• [RECORDED INFORMATION]
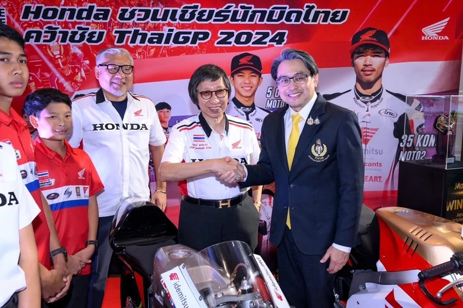 ไทยฮอนด้า ผู้นำอันดับหนึ่งวงการมอเตอร์สปอร์ตไทย ร่วมกับ ภาครัฐ-เอกชน แถลงข่าวใหญ่นับถอยหลังเข้าสู่ศึกจักรยานยนต์ทางเรียบชิงแชมป์โลก โมโตจีพี เวิลด์ แชมเปี้ยนชิพ 2024 สนาม 18 ที่ประเทศไทยเป็นเจ้าภาพในรายการ พีที กรังด์ปรีซ์ ออฟ ไทยแลนด์ พร้อมชวนแฟนชาวไทยร่วมส่งใจเชียร์กองทัพนักบิดไทยในโครงการ ฮอนด้า เรซ ทู เดอะ ดรีม นำโดย ก้อง-สมเกียรติ จันทรา ฮีโร่ประวัติศาสตร์ 2 แชมป์ชาวไทยใน โมโตทู และ ก๊องส์-ธัชกร บัวศรี ในศึก โมโตทรี รวมถึงนักบิดดาวรุ่งในรายการ เอเชีย ทาเลนต์ คัพ ขณะเดียวกันยังจัดเต็มอัดแน่นกิจกรรมให้แฟนความเร็วชาวไทย ร่วมสัมผัสประสบการณ์มอเตอร์สปอร์ตระดับเวิลด์คลาส ที่เตรียมระเบิดความมันส์ระหว่างวันที่ 25-27 ตุลาคมนี้ ที่ สนามช้าง อินเตอร์เนชั่นแนล เซอร์กิต จ.บุรีรัมย์
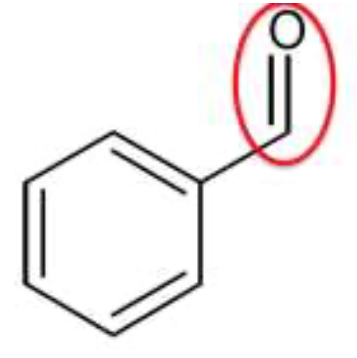 1.1. Recopier la formule topologique du benzaldéhyde, entourer le groupe caractéristique et nommer la famille fonctionnelle correspondante.
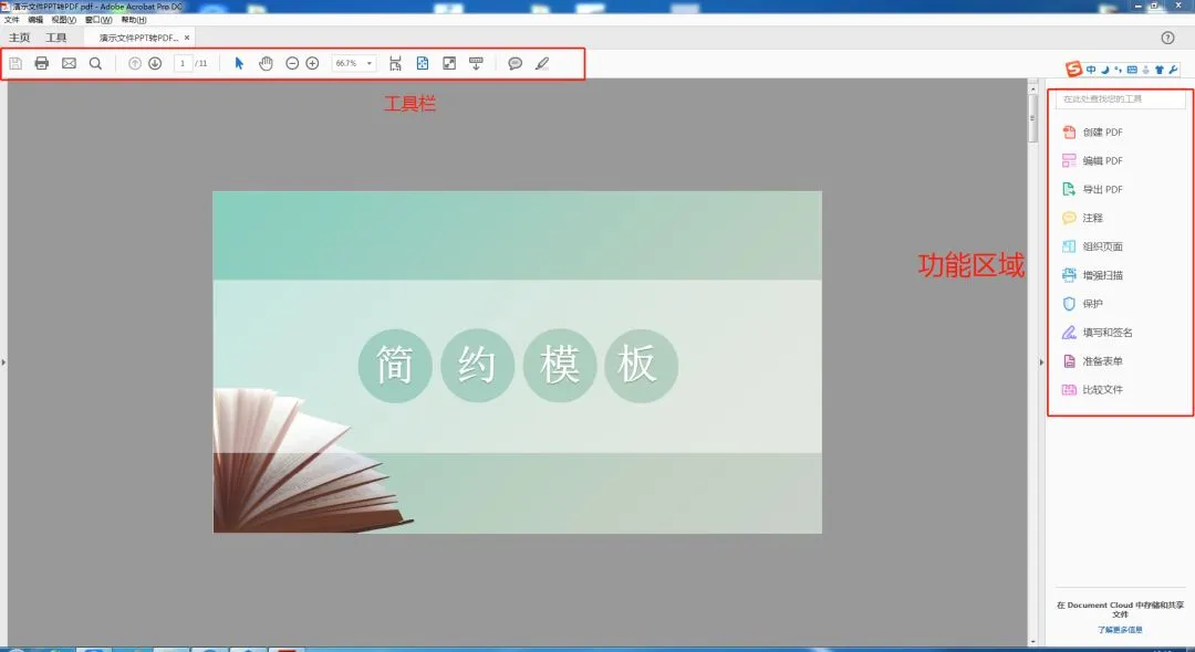 2.首先我就打开一个演示的PPT转换成PDF的文件,打开后呢,页面也是进入到工作版面,所以的编辑功能都列在右边,点击相应的功能区就能编辑PDF文件了。无论是字体修改,图片更换,注释标注,导出、导入、合并、拆分、转换等,Acrobat 可让Excel、Word和PDF之间的相互转化更为便利。你需要用到的功能基本都有。而且很容易上手。
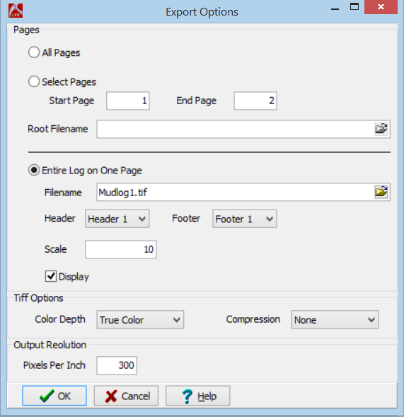 The program will export this long log image to a TIFF graphic, and store it on disk under the name "Mudlog1.tif". You can insert this image into most word processing documents, many raster log programs, etc.
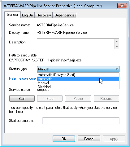 Confirm there is an entry of"ASTERIA WARP Pipeline Service"and double-click it.
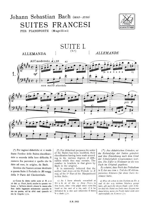 Suites Francesi Per Pianoforte BACH JOHANN SEBASTIAN
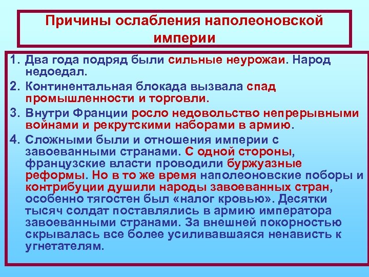 Причины ослабления наполеоновской империи 1. Два года подряд были сильные неурожаи. Народ недоедал. 2. Континентальная блокада вызвала спад промышленности и торговли. 3. Внутри Франции росло недовольство непрерывными войнами и рекрутскими наборами в армию. 4. Сложными были и отношения империи с завоеванными странами. С одной стороны, французские власти проводили буржуазные реформы. Но в то же время наполеоновские поборы и контрибуции душили народы завоеванных стран, особенно тягостен был «налог кровью» . Десятки тысяч солдат поставлялись в армию императора завоеванными странами. За внешней покорностью скрывалась все более усиливавшаяся ненависть к угнетателям.

• [WHAT TO DO]
Each entry, start to finish, goes into your copy exactly; the pictures stay out.

• [EXERCISE RESULT]
 ไทยฮอนด้า ผู้นำอันดับหนึ่งวงการมอเตอร์สปอร์ตไทย ร่วมกับ ภาครัฐ-เอกชน แถลงข่าวใหญ่นับถอยหลังเข้าสู่ศึกจักรยานยนต์ทางเรียบชิงแชมป์โลก โมโตจีพี เวิลด์ แชมเปี้ยนชิพ 2024 สนาม 18 ที่ประเทศไทยเป็นเจ้าภาพในรายการ พีที กรังด์ปรีซ์ ออฟ ไทยแลนด์ พร้อมชวนแฟนชาวไทยร่วมส่งใจเชียร์กองทัพนักบิดไทยในโครงการ ฮอนด้า เรซ ทู เดอะ ดรีม นำโดย ก้อง-สมเกียรติ จันทรา ฮีโร่ประวัติศาสตร์ 2 แชมป์ชาวไทยใน โมโตทู และ ก๊องส์-ธัชกร บัวศรี ในศึก โมโตทรี รวมถึงนักบิดดาวรุ่งในรายการ เอเชีย ทาเลนต์ คัพ ขณะเดียวกันยังจัดเต็มอัดแน่นกิจกรรมให้แฟนความเร็วชาวไทย ร่วมสัมผัสประสบการณ์มอเตอร์สปอร์ตระดับเวิลด์คลาส ที่เตรียมระเบิดความมันส์ระหว่างวันที่ 25-27 ตุลาคมนี้ ที่ สนามช้าง อินเตอร์เนชั่นแนล เซอร์กิต จ.บุรีรัมย์
 1.1. Recopier la formule topologique du benzaldéhyde, entourer le groupe caractéristique et nommer la famille fonctionnelle correspondante.
 2.首先我就打开一个演示的PPT转换成PDF的文件,打开后呢,页面也是进入到工作版面,所以的编辑功能都列在右边,点击相应的功能区就能编辑PDF文件了。无论是字体修改,图片更换,注释标注,导出、导入、合并、拆分、转换等,Acrobat 可让Excel、Word和PDF之间的相互转化更为便利。你需要用到的功能基本都有。而且很容易上手。
 The program will export this long log image to a TIFF graphic, and store it on disk under the name "Mudlog1.tif". You can insert this image into most word processing documents, many raster log programs, etc.
 Confirm there is an entry of"ASTERIA WARP Pipeline Service"and double-click it.
 Suites Francesi Per Pianoforte BACH JOHANN SEBASTIAN
 Причины ослабления наполеоновской империи 1. Два года подряд были сильные неурожаи. Народ недоедал. 2. Континентальная блокада вызвала спад промышленности и торговли. 3. Внутри Франции росло недовольство непрерывными войнами и рекрутскими наборами в армию. 4. Сложными были и отношения империи с завоеванными странами. С одной стороны, французские власти проводили буржуазные реформы. Но в то же время наполеоновские поборы и контрибуции душили народы завоеванных стран, особенно тягостен был «налог кровью» . Десятки тысяч солдат поставлялись в армию императора завоеванными странами. За внешней покорностью скрывалась все более усиливавшаяся ненависть к угнетателям.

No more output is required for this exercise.